* **TRY IT**
Print all the data that follows exactly, images excluded.

BEGIN DATA BELOW

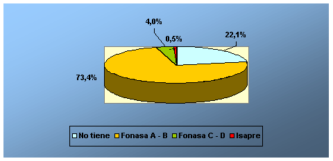 De acuerdo al cuadro anterior, se puede establecer que un 73,4% de los pescadores artesanales tiene acceso a la salud a través la modalidad de Fonasa de tipo A-B, y que un 68% utiliza los centros del Servicio Nacional de Salud. Esta situación obedece a que en un mayor porcentaje los pescadores se atienden bajo la categoría A que otorga Fonasa, es decir utilizando la tarjeta de gratuidad. Además, se establece que la cobertura de salud se canaliza a través de los centros de atención primaria de salud.
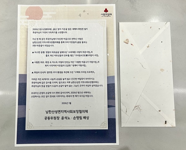 ±¤Áֽà ³²Çѻ꼺¸é Áö¿ª»çȸº¸ÀåÇùÀÇü´Â 2026³â º´¿À³â(ܰçíÒ´) »õÇØ¸¦ ¸Â¾Æ Áö³ ÇÑ ÇØ µ¿¾È Áö¿ª ³» ¾î·Á¿î ÀÌ¿ôÀ» À§ÇØ ³ª´®À» ½ÇÃµÇØ ¿Â ÈÄ¿øÀڵ鿡°Ô °¨»çÀÇ ¸¶À½À» ´ãÀº ¼Çѹ®À» ¹ß¼ÛÇß´Ù°í 21ÀÏ ¹àÇû´Ù.
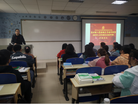 图为 学院党建组织员肖廷飞授课

END DATA BELOW

* **RESPONSE TO THE TASK**
 De acuerdo al cuadro anterior, se puede establecer que un 73,4% de los pescadores artesanales tiene acceso a la salud a través la modalidad de Fonasa de tipo A-B, y que un 68% utiliza los centros del Servicio Nacional de Salud. Esta situación obedece a que en un mayor porcentaje los pescadores se atienden bajo la categoría A que otorga Fonasa, es decir utilizando la tarjeta de gratuidad. Además, se establece que la cobertura de salud se canaliza a través de los centros de atención primaria de salud.
 ±¤Áֽà ³²Çѻ꼺¸é Áö¿ª»çȸº¸ÀåÇùÀÇü´Â 2026³â º´¿À³â(ܰçíÒ´) »õÇØ¸¦ ¸Â¾Æ Áö³ ÇÑ ÇØ µ¿¾È Áö¿ª ³» ¾î·Á¿î ÀÌ¿ôÀ» À§ÇØ ³ª´®À» ½ÇÃµÇØ ¿Â ÈÄ¿øÀڵ鿡°Ô °¨»çÀÇ ¸¶À½À» ´ãÀº ¼Çѹ®À» ¹ß¼ÛÇß´Ù°í 21ÀÏ ¹àÇû´Ù.
 图为 学院党建组织员肖廷飞授课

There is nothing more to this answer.